"Anything in your mail?" she asked.

"I think not. You can look them over and see if I've missed anything. To a man in my disarticulate situation people don't write except to express the kindness of their hearts. Here's a letter from Mary designed to prevent me from worrying about her. Full of pleasant little anecdotes about farm life. It's thoroughly Arcadian, she says. A spot designed by Heaven for me to rusticate in this summer when—when we go back to town. Somehow, I never did inhabit Arcady. There's a letter from Martin Whitney, too, that's almost alarmingly encouraging in its insistence that I mustn't worry. If only they knew how little I did—these days!"

"Well, that's all right then," she said. "Because those were Doctor
Darby's orders. You weren't to be excited or worried about anything. But,
John, is it really true that you don't? Not about anything?"

The fact that her face was still turned away as she asked that question gave it a significance which could not be overlooked.

"It's perfectly true," he asserted. "I don't believe I could if I tried. But there's something evidently troubling you. Let's have it. Oh, don't be afraid. You've no idea what an—Olympian position one finds himself in when he has got half-way across the Styx and come back. Tell me about it."
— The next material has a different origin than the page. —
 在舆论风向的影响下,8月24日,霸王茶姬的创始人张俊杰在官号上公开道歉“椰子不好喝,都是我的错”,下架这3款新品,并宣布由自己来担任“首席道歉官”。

"You know all about it already. I told you the first day you could talk—that I was going to give up singing altogether except just for you,—when you wanted me to. I knew I'd been torturing you about it. I thought perhaps you'd get well quicker,—want to get well more—if you knew that the torture wasn't to go on. It was true and it is true. Perhaps you thought it was just one of those lies that people tell invalids—one of those don't-worry things. Well, is wasn't.
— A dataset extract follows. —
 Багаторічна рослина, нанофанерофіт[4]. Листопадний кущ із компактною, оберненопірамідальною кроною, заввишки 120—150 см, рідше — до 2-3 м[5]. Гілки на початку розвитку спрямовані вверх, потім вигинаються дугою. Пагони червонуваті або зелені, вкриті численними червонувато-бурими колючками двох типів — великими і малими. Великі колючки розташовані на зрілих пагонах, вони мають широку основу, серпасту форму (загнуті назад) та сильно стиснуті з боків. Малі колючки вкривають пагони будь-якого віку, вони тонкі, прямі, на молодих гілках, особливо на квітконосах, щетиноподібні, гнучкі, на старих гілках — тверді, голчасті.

"But you made me promise I wouldn't do anything—wouldn't break my Ravinia contract—until we could talk it all out together. Your temperature went up a little that afternoon and when Doctor Darby asked me why, I told him. He said I mustn't, on any account, speak again to you about it until you brought the subject up yourself. I don't know whether he'd call this bringing it up or not, but anyway that's it. I've kept my promise to you though," she concluded. "I haven't written. They still think I am going to sing this summer."
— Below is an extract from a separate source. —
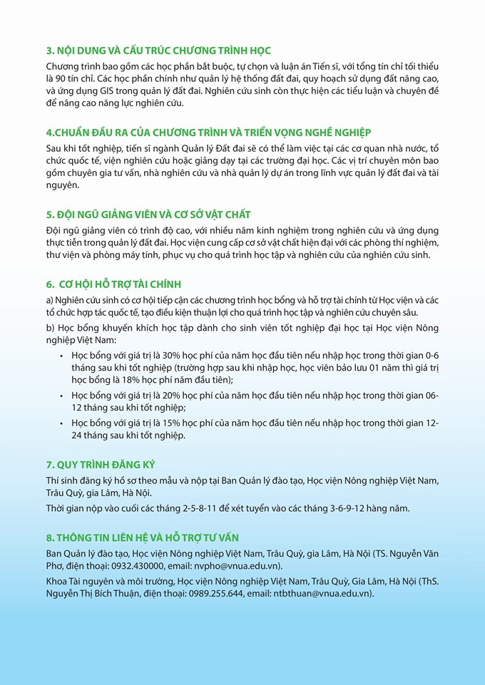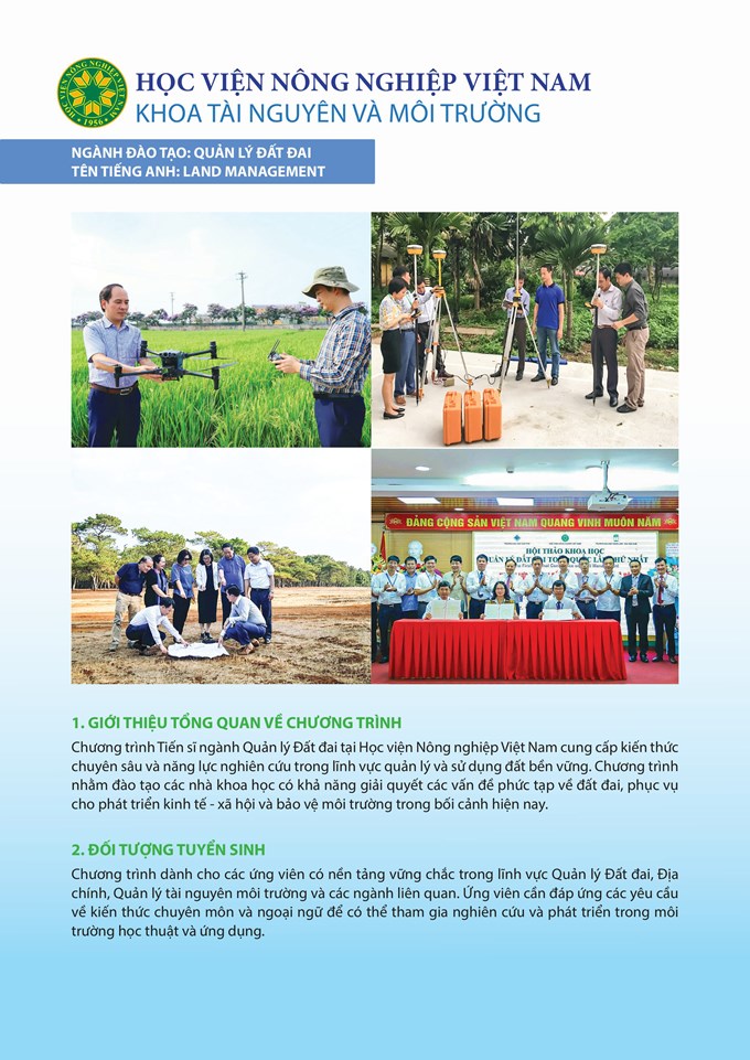 Chương trình tiến sĩ ngành Quản lý Đất đai tại Học viện Nông nghiệp Việt Nam nhằm đào tạo các nhà khoa học có khả năng giải quyết các vấn đề phức tạp về đất đai, phục vụ cho phát triển kinh tế- xã hội và bảo vệ môi trường trong bối cảnh hiện nay

"I am very glad of that," he said quietly. "I thought the thing was settled by our first talk. I didn't realize that you had taken it merely as an—adjournment."

She was still turned rigidly away from him, but the grip of one of her hands upon the arm of a chair betrayed the excitement she was laboring under, while it showed the effort she was making to hold it down.

"I didn't think, though," he went on, "that that resolution of yours to give up your whole career,—make ducks and drakes of it, in obedience to my whim—was nothing more than one of those pious lies that invalids are fed upon. I knew you meant it, my dear. I knew you'd have done it—then—without a falter or a regret."